Болезнь Достоевского как конституциональное свойство его психики сформировала его руководящую личностную идею – стремление к власти. «Границы опьянения властью он нашел в любви к ближнему».[22] Оно превратилось у него в защитный механизм – смирение и покорность. Но последние «всегда являются протестом, поскольку указывают на дистанцию, которую необходимо преодолеть».[23] Доктринальная идея Достоевского о смирении переносится Адлером из этического плана в план психологический. Она порождает концепцию, согласно которой «деяние бесполезно, пагубно или преступно; благо же только в смирении, если последнее обеспечивает тайное наслаждение от превосходства над остальными».[24]
Адлер дает высочайшую оценку Достоевскому-психологу даже в свете открытий научной психологии XX столетия. «‹…› Его зоркий глаз психолога проник глубже, чем та психология, которая формируется на основе абстрактных рассуждений». Адлеру Достоевский близок тем, что «его представления и рассуждения о сновидении остаются непревзойденными и поныне, а его идея о том, что никто не способен мыслить и совершать поступки, не имея цели, не имея перед глазами финала, совпадают с самыми современными достижениями индивидуальной психологии».[25]

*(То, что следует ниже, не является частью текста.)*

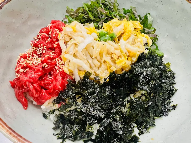 보통 육회비빔밥은 초장 베이스의 양념을 사용하는 경우가 많은데, 자매집은 들기름을 사용하여 재료 본연의 맛을 살린 점이 인상적이었다. 들기름은 묵은지의 맛을 더욱 깊게 만들어주고, 다른 재료들과의 조화도 훌륭하게 이끌어냈다. 마치 회덮밥을 먹는 듯한 느낌이 전혀 들지 않았다는 점도 좋았다.
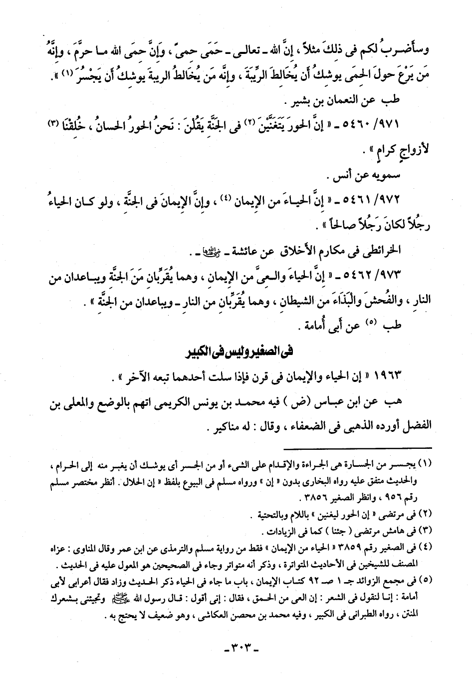 (¬4) فِي الصغير رقم 3859 "الحياء من الإيمان، فقط من رواية مسلم والترمذي عن ابن عمر وقال المناوى: عزاه المصنف للشيخين فِي الأحاديث المتواترة، وذكر أنَّه متواتر وجاء فِي الصحيحين هو المعول عليه فِي الحديث.
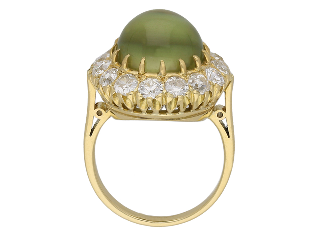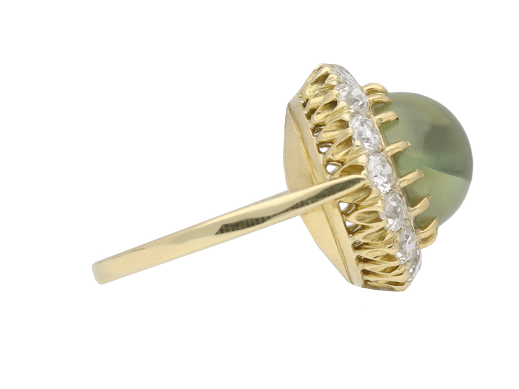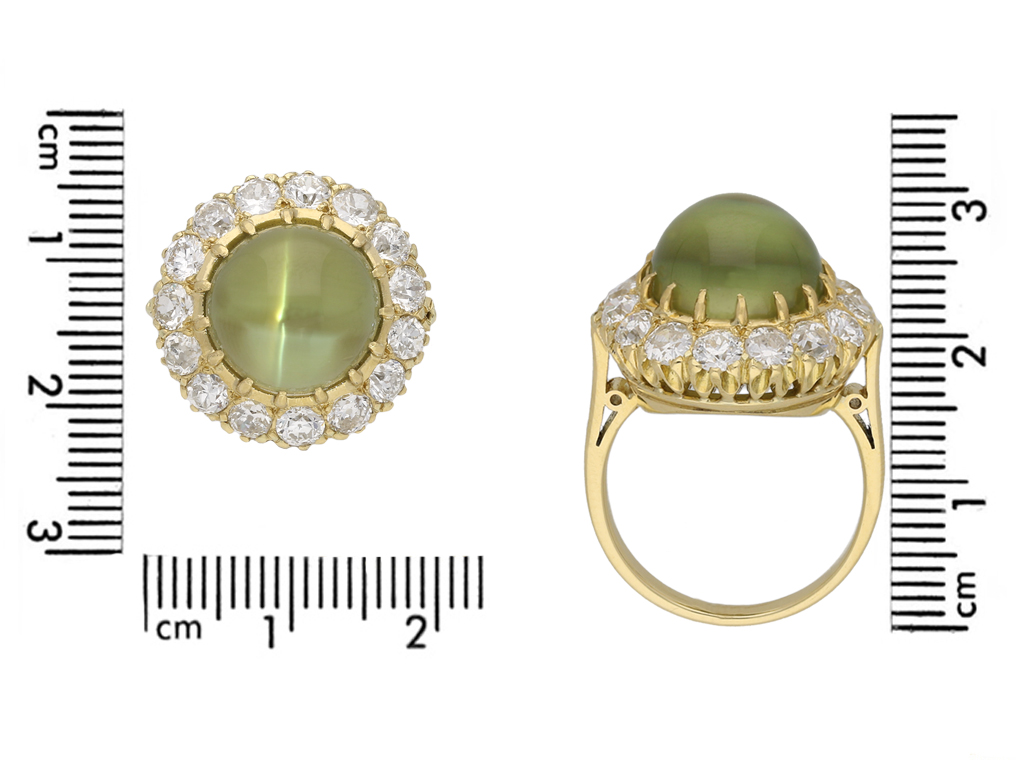 Cat's eye chrysoberyl and diamond coronet cluster ring, circa 1900.
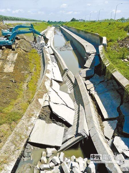 耗資10億1000萬元的台南市港尾溝溪排水中游疏洪道,7月底才由時任經濟部次長的杜紫軍與台南市長賴清德主持完工典禮,啟用僅19天,15日竟崩塌長達170公尺,民眾痛罵「10億元工程都還沒滿月,塌成這樣有夠夭壽!」
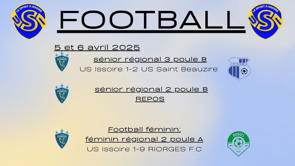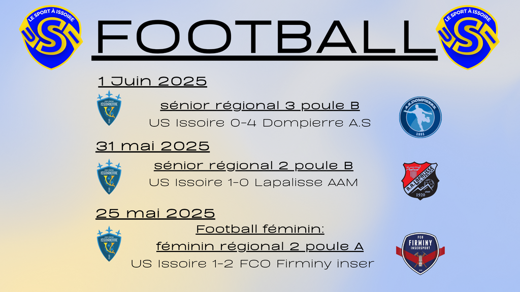 | Football équipe 1 masculin régional 3 poule B | 11ème | 19 | 18 | 5/4/9 | |
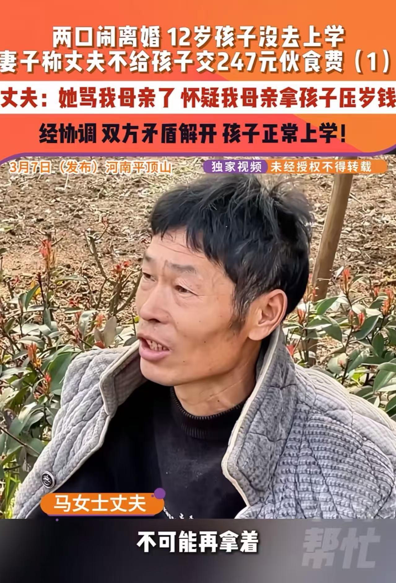 河南平顶山,女子怀疑婆婆拿走了孩子的压岁钱,对着婆婆就是一顿痛骂。丈夫知道后,为了给她一点教训,直接断了她的经济命脉,拒绝给孩子交247元的伙食费!女子一气之下喊来调解员评评理,但结果出人意料! 李女士看着班级群里的伙食费接龙,很是烦躁,全班同学都接龙了,就剩她家儿子没交。 可是她翻遍了口袋,连个钢镚都没凑出来。她全职在家带孩子,钱全攥在丈夫王先生手里。 可这次,王先生铁了心要“治”她。 原来,前几天,李女士发现儿子红包里的块钱不翼而飞。 她脑子里那根弦瞬间崩了,第一反应就是:“肯定是婆婆拿的!” 平日里婆媳间的那些小摩擦,此刻全变成了“罪证”。 她冲进婆婆房间,劈头盖脸就是一顿痛骂,言语之难听,连旁人都听不下去。 婆婆气得直抹泪,儿子王先生得知后,怒火中烧。在他看来,钱没了可以再挣,但母亲的人格被侮辱,这口气咽不下。a 于是,他做出了一个极端的决定:切断妻子的所有经济来源,连孩子的伙食费也扣下。他要让妻子尝尝“没钱寸步难行”的滋味,逼她低头认错。 李女士哭着找来了调解员。她委屈又愤怒:“夫妻吵架归吵架,怎么能拿孩子的前途撒气?” 可是王先生却说“你自己想办法!你骂我妈的时候,怎么没想过今天?这247块我就是不交,让你长长记性,知道这个家谁说了算!” 调解员劝说:’孩子没饭吃上不了学,毁的是他一辈子啊!” 王先生说:“她太过分了!指着我的鼻子骂我妈,说老人手脚不干净,偷孙子的钱!我妈辛苦帮忙带娃,受得了这委屈?我今天就得让她知道,在这个家,尊重长辈是底线!” 夫妻俩僵持不下,夹在中间的孩子成了最无辜的牺牲品。 于是调解员决定跟孩子聊聊:“孩子,你说实话,压岁钱到底去哪了?” 孩子涨红了脸,双手紧紧抓着衣角,声音小得像蚊子哼:“是我……是我自己偷偷花光了。我买了游戏皮肤,还买了好多零食,不敢告诉爸妈,怕挨打。奶奶没拿,真的没拿……” 这句话,像一记响亮的耳光,狠狠抽在了在场每一个人的脸上。 空气瞬间凝固了。 李女士愣在原地,眼泪刷地流了下来。她想起自己刚才对婆婆恶语相向的样子,想起婆婆平时默默做饭洗衣的身影,愧疚得像要把心挖出来。 “妈……对不起!”李女士主动道歉。 王先生看着一脸惊恐的儿子,和道歉的妻子,心里的火瞬间灭了,取而代之的是深深的自责。 “是我太冲动了……”王先生红着眼眶,当场掏出手机,秒转了孩子的伙食费,又额外转了一笔钱给妻子,“老婆,只要咱们好好过日子,钱我来挣,家我来扛。以后遇事咱们商量,再也不这么干了。” 误会解开,阳光重新照进这个家。儿子背起书包,脚步轻快地跑向了学校。 【犀利观点】 别让“想当然”的猜忌,成为刺向家人的利刃;更别用“惩罚孩子”的方式,去报复你的伴侣。 李女士的错误,不在于丢了钱,而在于未经核实就先定罪。 在潜意识里,她或许早就对婆婆有了偏见,所以一旦出事,婆婆就是那个“完美的替罪羊”。 这种“有罪推定”的思维,是家庭关系的剧毒。 一句伤人的话,就像钉进木头的钉子,即便拔出来,洞也永远在那儿。 如果不是孩子最终说了实话,这个家恐怕真的要因为两千块钱,彻底分崩离析。 在没有证据之前,哪怕是最亲密的人,也要给予最基本的信任和尊重。 而王先生为了教训妻子,竟然狠心让孩子交不起伙食费,甚至面临辍学。 这哪里是教育?这是泄愤! 夫妻矛盾是成年人之间的事,为什么要让孩子来买单? 在孩子眼里,爸爸因为妈妈骂了奶奶就不让自己吃饭上学,这会让他产生多大的恐惧和不安全感? 这种“杀敌一千自损八百”的做法,不仅解决不了问题,反而会在孩子幼小的心灵里埋下仇恨和冷漠的种子。 真正的赢家,不是看谁把谁制服了,而是看谁能为了孩子,先低下高贵的头颅。 这件事里,没有绝对的坏人。 妻子是一时心急口不择言,丈夫是想维护母亲尊严,婆婆是默默承受委屈。 大家都爱这个家,却都用错了方式。 如果李女士能多问一句“钱去哪了”,如果王先生能先冷静听听解释,如果婆媳之间能多一份坦诚……悲剧就不会发生。 家,不是讲理的地方,是讲爱的地方。 当你举起拳头想要反击时,请先想想身后那个无辜的孩子。 多一点信任,少一点猜忌;多一份包容,少一份冲动。毕竟,赢了道理输了家,才是这世上最赔本的买卖。

И еще одно важное наблюдение сделал Адлер при изучении творчества Достоевского. Оно касается проблемы границ, или порога, у которого происходят события романов писателя. М. М. Бахтин рассмотрел эту проблему с позиций философии поступка. Адлер, предвосхищая Бахтина в рамках психоаналитического подхода, показал, что «у Достоевского вряд ли можно найти какой-нибудь другой образ, который повторялся бы столь же часто, как образ границ или стены».[26] Это «чувство границы» постоянно испытывал и сам Достоевский. Он вынес его из детства. О личности Достоевского мы можем получить приблизительное представление по тому, «в какой момент действительности он останавливается», подавляя душевный порыв у границы, переступать которую было недопустимо.[27]

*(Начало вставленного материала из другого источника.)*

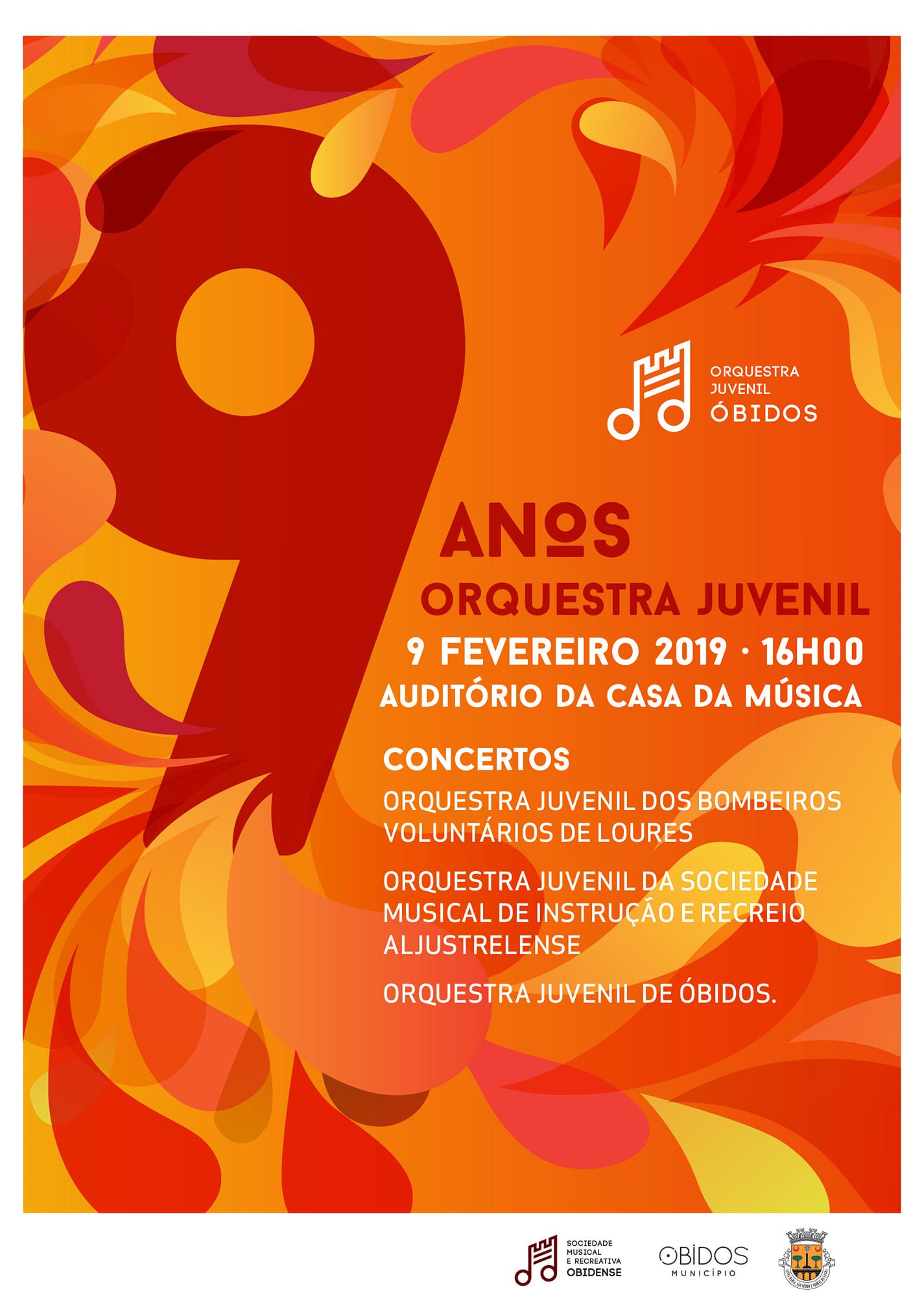 No próximo dia 9 de fevereiro, sábado, a Orquestra Juvenil da Sociedade Musical e Recreativa Obidense (SMRO) celebra o seu 9º aniversário com um concerto realizado no Auditório da Casa da Música, pelas 16 horas.
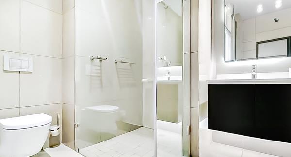 Modern bathroom with a spacious walk-in shower, elegant fixtures, and contemporary finishes

С К. Г. Юнгом психоанализ литературы вступает в качественно новый этап своего развития. Юнг расширил «источниковедческую» базу классического психоанализа за счет таких пластов культуры, как мифология, астрология, алхимия, восточная философия, религия и магия. Наряду с ними литература стала опорной базой для ряда его фундаментальных исследований эпохального значения. Юнг буквально произвел переворот в понимании соотношения психологии с гуманитарными науками. С точки зрения науки о литературе заслуга Юнга состояла в том, что он переосмыслил исконные представления о субъективном и объективном в творческом процессе писателя. «Применяя истолкование на субъективном уровне, – писал ученый, – мы получаем доступ к широкой психологической интерпретации не только сновидений, но и литературных произведений, в которых отдельные действующие лица являются представителями относительно автономных функциональных комплексов автора».[28]

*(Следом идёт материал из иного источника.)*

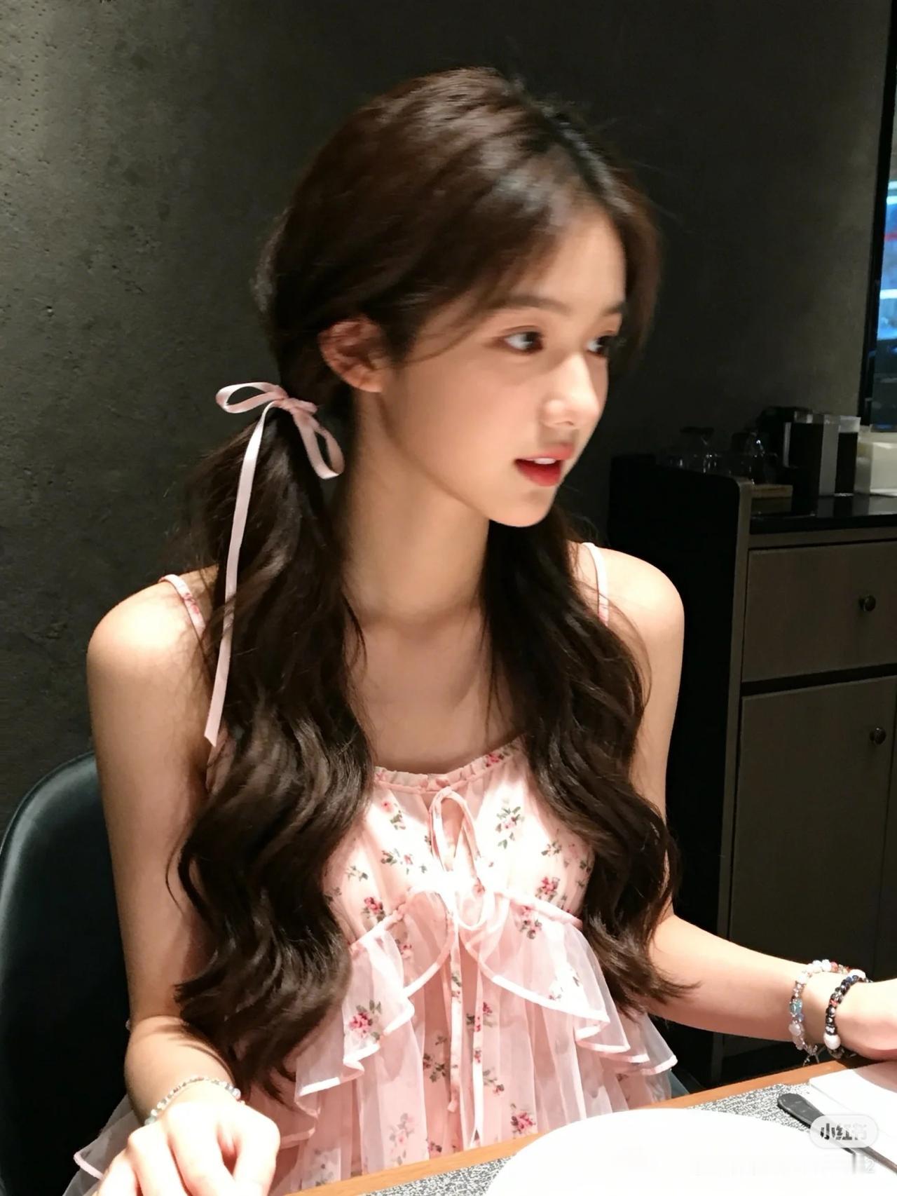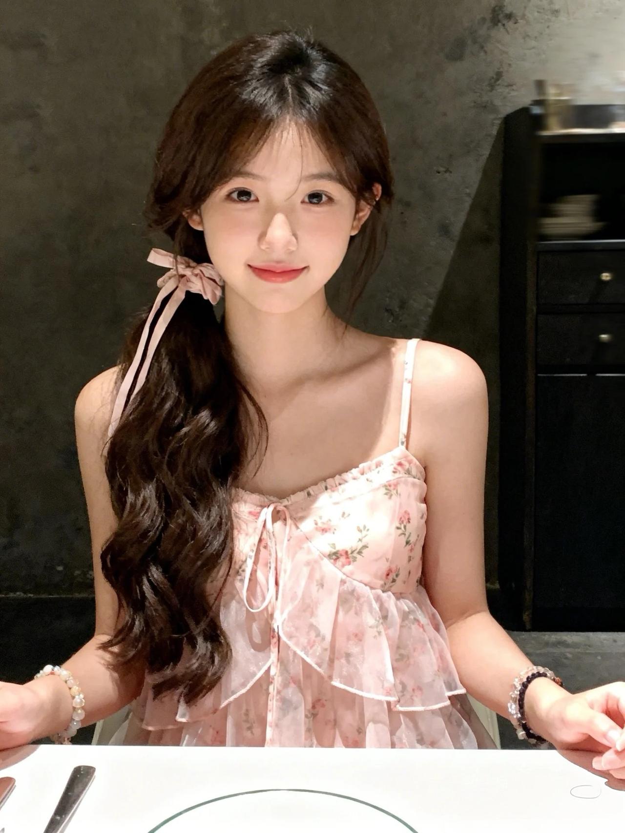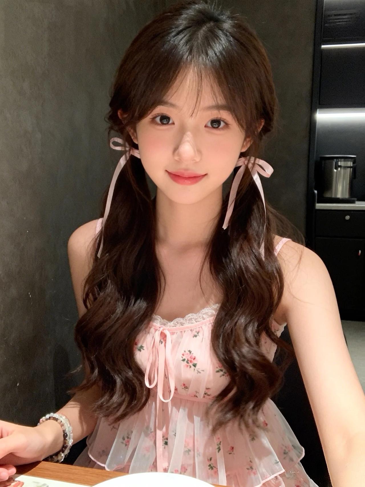 《甜梦微光》 深棕色的卷发如海藻般垂落肩头,发梢微微翘起的弧度带着少女特有的俏皮。粉色蝴蝶结发饰恰到好处地别在耳后,缎带在灯光下泛着珍珠般的光泽,随着她转头的动作轻轻颤动,像是栖息在发间的两只粉蝶。 粉色吊带裙上的矢车菊图案正盛开着,每一片花瓣都用银线勾勒出细腻的纹理。蕾丝花边沿着领口蜿蜒,在锁骨处织出镂空的藤蔓,阳光穿过蕾丝的孔隙,在她白皙的皮肤上投下细碎的光斑。裙摆自然垂落的褶皱里藏着光影的游戏,浅粉与深粉的渐变像被晚霞染过的云朵。 她手腕上的琉璃珠串折射出彩虹般的光晕,浅粉、乳白与淡紫的珠子交替串联,随着她托腮的动作轻轻碰撞,发出细不可闻的清脆声响。指甲盖上涂着透明的护甲油,在光线下泛着贝壳内壁般的虹彩。 深色墙面像天鹅绒幕布般衬托着这抹粉色,家电的金属边沿在背景里若隐若现,仿佛舞台剧的道具。整个画面被柔和的暖光笼罩,连空气都变得甜软,像是刚打开的棉花糖罐子,每个细节都浸在蜜色的光晕里。她嘴角的笑意比裙摆上的矢车菊更鲜活,眼波流转间,连时光都放轻了脚步。

В работах Юнга произведения литературы и фольклора используются в концептуальных построениях и в разработках частных проблем в масштабах, не сопоставимых с трудами других психоаналитиков. Так, его главный труд «Психологические типы» написан в значительной степени на материале литературы. Юнгу принадлежит и несколько специальных работ о литературных произведениях и литературном творчестве. Среди них уникальное по своей интерпретации текста эссе «„Уллис“. Монолог». Но главным его трудом в этой области является статья «Психология и поэтическое творчество», в которой он решает кардинальные проблемы методологии психоанализа применительно к литературоведению.
Концепция Юнга основана на двух фундаментальных идеях.
1. Произведение художественной литературы является психологическим переживанием, поэтому оно на равных правах с литературоведением может быть объектом анализа психологии. Но литературоведение и психология различаются подходами к интерпретации литературного материала. Психология выводит свой предмет из каузальных предпосылок поэтического произведения к личности художника, в то время как наука о литературе рассматривает психологическое непосредственно в самом произведении и в творческой индивидуальности его создателя. Различия между психологией и литературоведением имеют место и в ценностном подходе к произведению. Психология чаще всего извлекает для себя материал из произведений, в которых «повествование строится на невысказанном психологическом основании», где нет того, что в литературоведении обычно подразумевается под «психологией». В психологическом романе, с которым имеет дело литературовед, автор дает специальные психологические разъяснения действий и мыслей своих героев, которые затемняют «душевную основу». Первую группу произведений Юнг относит к визионерскому типу творчества, вторую – к психологическому. «Психологический тип имеет в качестве своего материала такое содержание, которое движется в пределах досягаемого человеческого сознания ‹…›» Это так сказать «психология переднего плана». В визионерском типе произведений «материал, подвергающийся художественной обработке, не имеет в себе ничего, что было бы привычным ‹…› он выходит за пределы человеческого восприятия и ‹…› предъявляет художественному творчеству иные требования ‹…›»[29]
2. Применительно к литературному материалу перед психологией стоят две задачи, соответствующие двум предметам анализа – «психологической структуре произведения» и психологии художника слова. «В первом случае дело идет о „предумышленно“ оформленном продукте сложной душевной деятельности, во втором – о самом душевном аппарате ‹…› Хотя эти два объекта находятся в интимнейшем сцеплении и неразложимом взаимодействии, все же один из них не в состоянии объяснить другой».[30] Поэтому Юнг разделяет психологический анализ литературы на две самостоятельных области – изучение произведения поэтического искусства и анализ личности автора. Ценность художественного произведения тем выше, чем меньше в нем личного, авторского, ибо произведение искусства «говорит от имени духа человечества, сердца человечества и обращается к ним».
Юнг выделяет в писателе два начала с точки зрения психологии – человеческое и творческое. Оба эти начала находятся в нем в состоянии борьбы. Задача психоанализа – изучить личность художника в ее целостности. Личность художника лучше всего объяснять из его творчества, а не из тех конфликтов, которые он переживает как простой смертный. Как творческая личность писатель расходует больше психической энергии, что приводит к потерям на другом полюсе его личности. Но эта потеря несущественная для его искусства. Поэтому биография писателя, хотя и интересна, но в отношении к его творчеству несущественна.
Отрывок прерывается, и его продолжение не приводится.